Banda sonora: Mis tres animales de Los Tucanes de Tijuana

El Tate Narco Gallery
Dentro del edificio de la Defensa en Ciudad de México existe un museo que no está abierto al público. En él se muestran las joyas, armas, vestimenta, relicarios que les han sido incautados a los narcotraficantes desde 1985. La colección es una muestra de los símbolos de los que se nutre el narco en México: una Colt .38 de oro e incrustaciones de esmeraldas que perteneció a Amado Carrillo, líder del Cartel del norteño estado de Chihuahua, y que fue un regalo del líder del Cartel de Jalisco, Joaquín El Chapo Guzmán, quien se fugó en 2000 de la cárcel; un rifle AK-47 con una palmera de oro en la cacha, que pertenecía a Héctor El Güero Palma; o una camiseta con doble blindaje en el lado del corazón que fue de Osiel Cárdenas, líder del Cartel del Golfo de México. Pero, además de armas, los sombreros, botas y cinturones de vaquero, los altares a la Virgen de Guadalupe y a Jesús Malverde, un santo originario de Sinaloa, donde comenzaron, en los cincuentas —con las guerras de Estados Unidos en Corea y Vietnam—, las plantaciones de amapola y mariguana,  y el tráfico masivo hacia Estados Unidos.

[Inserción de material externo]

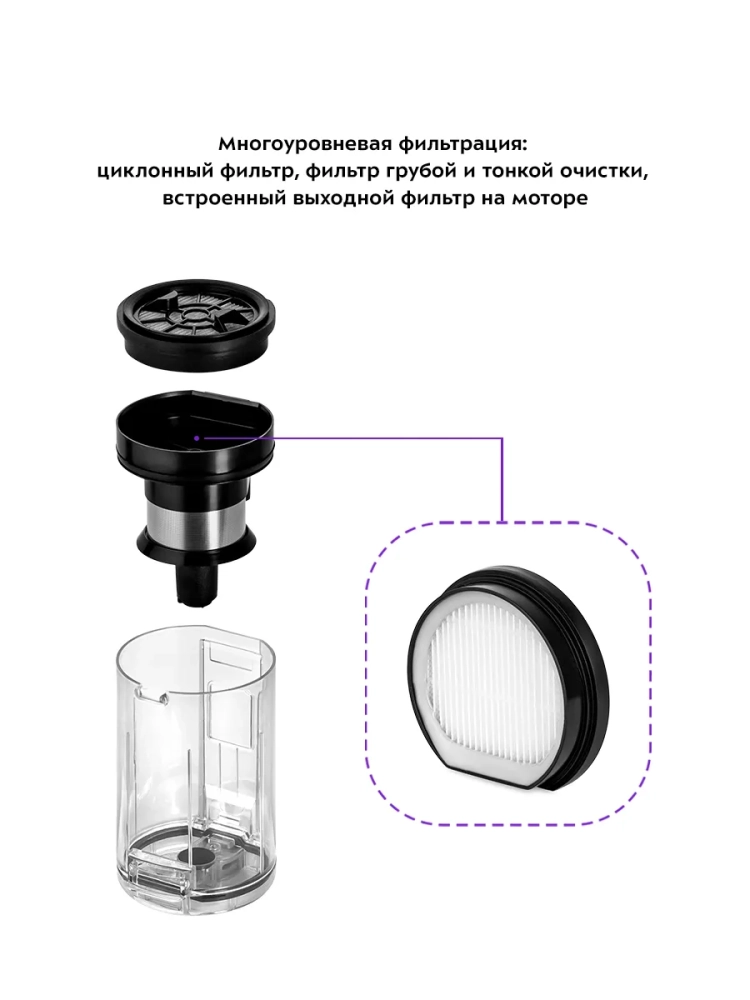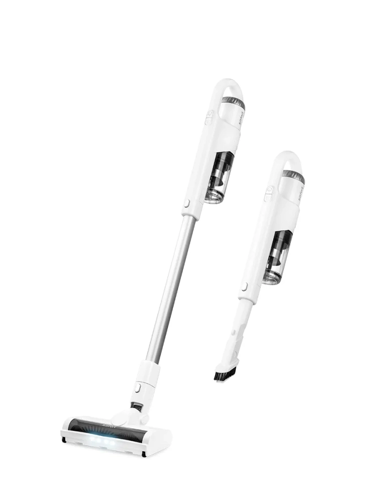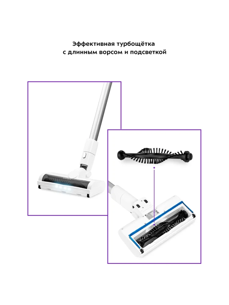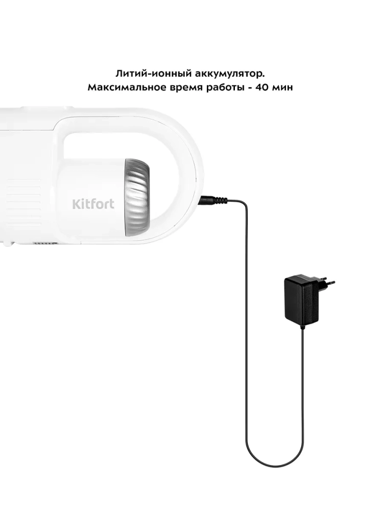 Беспроводной вертикальный пылесос Kitfort КТ-5154 очень удобен при локальной и генеральной уборке. Его конструкция позволяет легко проникать в самые труднодоступные уголки квартиры. При этом не нужно передвигать громоздкий корпус аппарата и управляться с непослушным шлангом. Благодаря работе от аккумулятора не нужно включать вилку в розетку, провода не мешают под ногами. Поэтому пылесос имеет неограниченный радиус действия: от любого уголка квартиры до машины или беседки в саду. Пылесос оснащен маневренной напольной щеткой, которая вращается в двух плоскостях. Встроенный выходной фильтр на мотор сводит к минимуму выброс пыли обратно в воздух. При хранении он занимает мало места, а во время работы пылесос благодаря своей маневренности может легко вписаться в узкий коридор или комнату, заполненную различными предметами. Для владельцев небольших квартир, которые сталкиваются с проблемой, где же хранить пылесос, приобретение этой модели будет оптимальным вариантом. Конструкция «2 в 1» предусматривает наличие ручного пылесоса, который удобно использовать отдельно. Ручным пылесосом можно пропылесосить углы и плинтусы, обивку мебели, пыль со шкафов (куда обычным пылесосом очень трудно дотянуться из-за ограниченной длины шланга), шкафчики на кухне или в гостиной, книжные полки, коврики в автомобиле или багажник. Пылесос комплектуется турбощеткой, которая качественно очищает гладкие поверхности и ковровые покрытия с коротким ворсом. Также к пылесосу прилагается насадка «2 в 1» для труднодоступных мест и кронштейн для настенного хранения устройства. Светодиодная подсветка на напольной щетке способствует более качественной уборке. Пылесос оборудован современным циклонным фильтром, обеспечивающим хорошую очистку, при этом сила всасывания не зависит от наполненности пылесборника. Контейнер пылесборника легко снимается и чистится, а также у него есть дополнительная крышка для быстрого сброса мусора без вынимания фильтров.

El culto a Malverde establece lo que para el narcotráfico es su justificación moral: la ley y la justicia no son la misma cosa. El mito de Malverde es que era un ladrón que se vestía con hojas de plátano para pasar desapercibido —de ahí: el “mal-verde”— en el siglo XIX que es apresado por la policía porque su compadre lo delata. Lo ahorcan y el cura no quiere sepultarlo. Así que la gente lo entierra en el camino y le ponen una piedra encima. Ahora con una capilla y un culto no reconocido por la Iglesia Católica, a Malverde se le piden favores para que resuelva una injusticia llevándole algo, lo que sea, pero que sea robado. Esa santidad de lo ilegal fue adoptada por los narcotraficantes mexicanos que se tatuaron la imagen —un hombre de bigote—, le levantaron altares, y financian capillas. Asociaron lo “verde” del “mal” con la hoja de la mariguana. A tal grado quedó asociado un culto prohibido con el tráfico de drogas que la DEA norteamericana, en los años noventa interrogaba a cualquiera que tuviera un tatuaje del santo.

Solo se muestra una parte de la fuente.